Exercise data:
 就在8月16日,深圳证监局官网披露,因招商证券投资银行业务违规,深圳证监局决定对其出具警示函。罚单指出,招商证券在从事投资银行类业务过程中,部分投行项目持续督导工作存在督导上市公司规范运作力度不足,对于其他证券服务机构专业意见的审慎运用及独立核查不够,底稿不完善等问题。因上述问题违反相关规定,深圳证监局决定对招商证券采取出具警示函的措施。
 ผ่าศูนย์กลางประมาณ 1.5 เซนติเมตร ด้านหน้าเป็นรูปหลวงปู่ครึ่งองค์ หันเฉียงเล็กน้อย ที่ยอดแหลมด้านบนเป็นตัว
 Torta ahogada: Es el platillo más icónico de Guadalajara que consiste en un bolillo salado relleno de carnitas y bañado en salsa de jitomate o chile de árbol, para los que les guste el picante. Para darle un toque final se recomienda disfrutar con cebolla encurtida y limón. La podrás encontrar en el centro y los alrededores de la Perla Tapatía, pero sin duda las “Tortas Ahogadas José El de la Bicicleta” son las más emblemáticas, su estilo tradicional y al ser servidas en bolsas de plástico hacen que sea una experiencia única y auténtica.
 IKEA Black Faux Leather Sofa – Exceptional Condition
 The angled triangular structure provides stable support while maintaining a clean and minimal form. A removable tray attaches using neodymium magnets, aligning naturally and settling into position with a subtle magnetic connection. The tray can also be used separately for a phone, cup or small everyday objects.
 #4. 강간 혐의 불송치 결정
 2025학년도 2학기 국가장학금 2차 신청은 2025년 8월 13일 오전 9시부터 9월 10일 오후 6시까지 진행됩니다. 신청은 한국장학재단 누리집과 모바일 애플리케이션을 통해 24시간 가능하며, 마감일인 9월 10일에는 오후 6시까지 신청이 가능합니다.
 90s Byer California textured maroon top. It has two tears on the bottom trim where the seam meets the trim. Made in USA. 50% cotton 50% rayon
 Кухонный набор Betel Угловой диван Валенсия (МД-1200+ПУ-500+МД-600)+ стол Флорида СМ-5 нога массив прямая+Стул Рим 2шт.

==

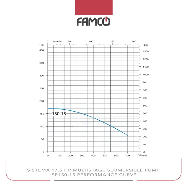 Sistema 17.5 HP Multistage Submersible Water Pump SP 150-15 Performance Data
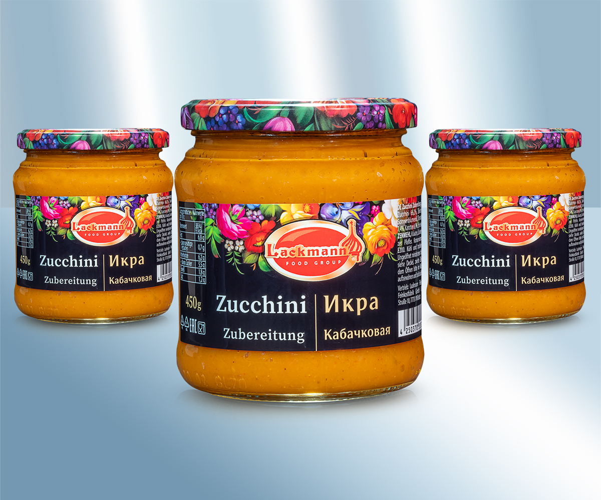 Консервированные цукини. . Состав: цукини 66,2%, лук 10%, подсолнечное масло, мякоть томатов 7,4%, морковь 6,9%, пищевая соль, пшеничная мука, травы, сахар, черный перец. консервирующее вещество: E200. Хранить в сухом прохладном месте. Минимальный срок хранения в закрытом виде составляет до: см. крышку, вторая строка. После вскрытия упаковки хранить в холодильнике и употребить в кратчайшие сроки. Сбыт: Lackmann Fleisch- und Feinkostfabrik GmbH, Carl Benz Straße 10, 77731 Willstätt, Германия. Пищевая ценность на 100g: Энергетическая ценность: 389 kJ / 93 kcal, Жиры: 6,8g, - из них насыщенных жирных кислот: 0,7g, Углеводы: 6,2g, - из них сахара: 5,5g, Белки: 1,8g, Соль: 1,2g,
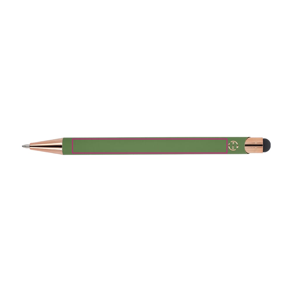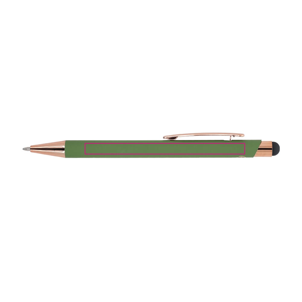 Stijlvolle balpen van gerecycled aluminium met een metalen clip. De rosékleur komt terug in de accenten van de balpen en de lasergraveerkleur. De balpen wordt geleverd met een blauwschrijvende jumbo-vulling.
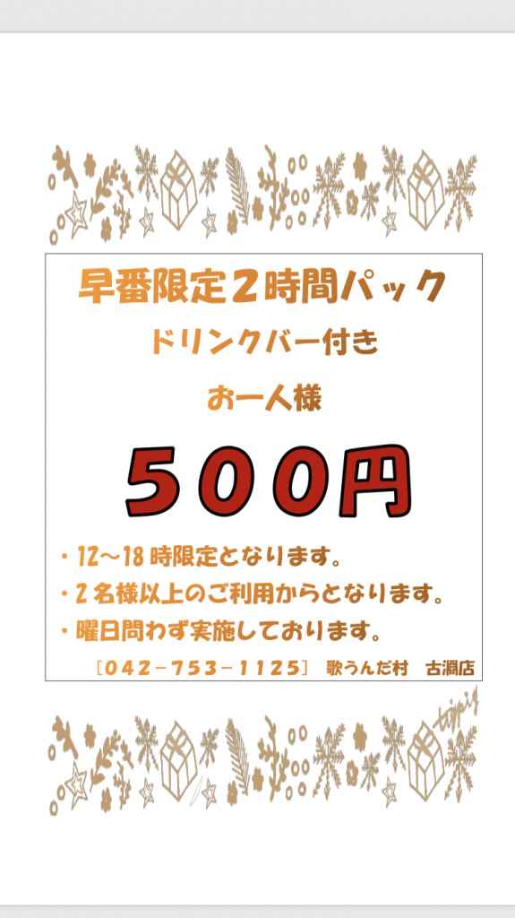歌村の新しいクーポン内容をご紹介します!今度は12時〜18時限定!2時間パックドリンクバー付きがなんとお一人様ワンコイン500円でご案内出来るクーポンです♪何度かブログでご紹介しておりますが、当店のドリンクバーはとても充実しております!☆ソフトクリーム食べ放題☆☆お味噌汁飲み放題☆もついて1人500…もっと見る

---

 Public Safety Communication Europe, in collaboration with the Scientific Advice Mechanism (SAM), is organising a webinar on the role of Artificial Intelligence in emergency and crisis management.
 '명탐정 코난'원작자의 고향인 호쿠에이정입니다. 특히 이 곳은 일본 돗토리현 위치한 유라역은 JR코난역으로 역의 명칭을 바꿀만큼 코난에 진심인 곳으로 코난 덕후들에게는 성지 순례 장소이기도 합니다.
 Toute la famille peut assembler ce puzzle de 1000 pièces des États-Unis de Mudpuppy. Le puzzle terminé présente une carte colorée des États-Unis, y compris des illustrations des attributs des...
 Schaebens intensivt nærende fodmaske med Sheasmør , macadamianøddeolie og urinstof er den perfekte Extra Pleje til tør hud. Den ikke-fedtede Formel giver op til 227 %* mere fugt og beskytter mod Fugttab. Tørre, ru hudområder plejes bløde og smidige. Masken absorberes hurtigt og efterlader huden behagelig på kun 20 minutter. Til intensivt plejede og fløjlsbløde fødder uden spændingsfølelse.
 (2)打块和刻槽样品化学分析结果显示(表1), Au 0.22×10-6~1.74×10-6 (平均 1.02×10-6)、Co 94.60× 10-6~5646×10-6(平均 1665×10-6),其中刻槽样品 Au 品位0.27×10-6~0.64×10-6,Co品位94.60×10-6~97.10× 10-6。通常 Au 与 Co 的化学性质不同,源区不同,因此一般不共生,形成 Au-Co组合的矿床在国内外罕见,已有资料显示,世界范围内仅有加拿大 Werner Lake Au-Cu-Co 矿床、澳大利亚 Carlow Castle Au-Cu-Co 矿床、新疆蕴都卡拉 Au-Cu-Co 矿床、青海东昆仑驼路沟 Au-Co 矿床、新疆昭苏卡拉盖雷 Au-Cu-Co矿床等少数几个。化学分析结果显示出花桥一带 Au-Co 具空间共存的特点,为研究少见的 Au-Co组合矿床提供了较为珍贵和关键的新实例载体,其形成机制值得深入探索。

Exercise directions:
What is needed is an exact copy of the lines above, from the one containing "Public Safety Communication" through the one containing "순례 장소이기도 합니다.", with nothing added.

Written response:
 Public Safety Communication Europe, in collaboration with the Scientific Advice Mechanism (SAM), is organising a webinar on the role of Artificial Intelligence in emergency and crisis management.
 '명탐정 코난'원작자의 고향인 호쿠에이정입니다. 특히 이 곳은 일본 돗토리현 위치한 유라역은 JR코난역으로 역의 명칭을 바꿀만큼 코난에 진심인 곳으로 코난 덕후들에게는 성지 순례 장소이기도 합니다.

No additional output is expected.